Writing used to come easily for me. I wrote one of my best novels, The Unicorn’s Daughter, in four months. Final Hours took six weeks. It was almost too easy, which is why I was surprised that The Unicorn’s Daughter required almost no editing from Berkley and became, along with Chasing the Wind, one of my best-reviewed novels.
As I’ve gotten older, though, I’ve found it more and more difficult to finish a project. I asked my neurologist if I might be in the early stages of Alzheimer’s. “No. You’re way too sharp for that,” she assured me. Okay. If not that, what about epilepsy? I was first diagnosed as a teenager, and due to my own stupidity, was off the anti-seizure meds for a long time (I don’t have convulsive seizures, so I assumed–incorrectly–that I wasn’t having seizures at all). Again, the answer was no. My previous neurologist told me I was just distracted. ADHD, maybe?
My eyesight is not what it used to be–not that it was ever all that good. Arthritis has been an issue, so writing first drafts in longhand, as I’ve done throughout most of my career, was no longer possible. It was also a problem in using a computer, tablet or smartphone–especially the latter two, since I had to hold the devices at an angle close enough to be able to see the screens. I’ve joked here about my “Kindle elbow.”

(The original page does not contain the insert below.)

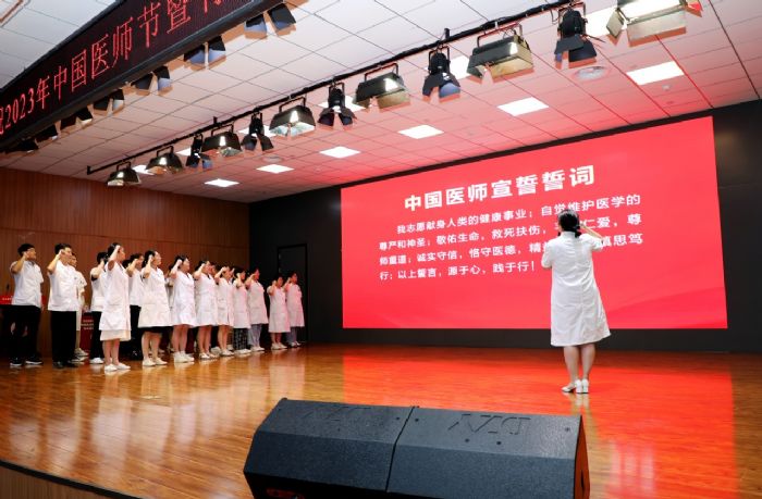 任世龍在致辭中,向辛勤工作在全院各個崗位的廣大醫(yī)師致以節(jié)日的問候。他希望全院廣大醫(yī)務工作者要不忘醫(yī)者初心,積極進取、刻苦鉆研;常修醫(yī)者仁心,甘于吃苦、樂于奉獻;保持醫(yī)者恒心,孜孜不倦、奮發(fā)有為;扛得住壓力、守得住操守,恪守住承諾,不斷提高自身綜合素質和業(yè)務本領,滿足群眾日益增長的健康需求。

I’d tried dictation, but that was also a struggle–until I found this book.
Dictate Your Book: How to Write Your Book Better, Faster and Smarter by Monica Leonelle is a gem. Really. She points out that, like learning to type and use a computer are skills that require training and practice, dictation isn’t something you just do. Her book is short, concise and gives you all you need to learn to dictate your books, screenplays, short stories, etc. Collin is even considering it for doing his classwork, time being a big factor for him.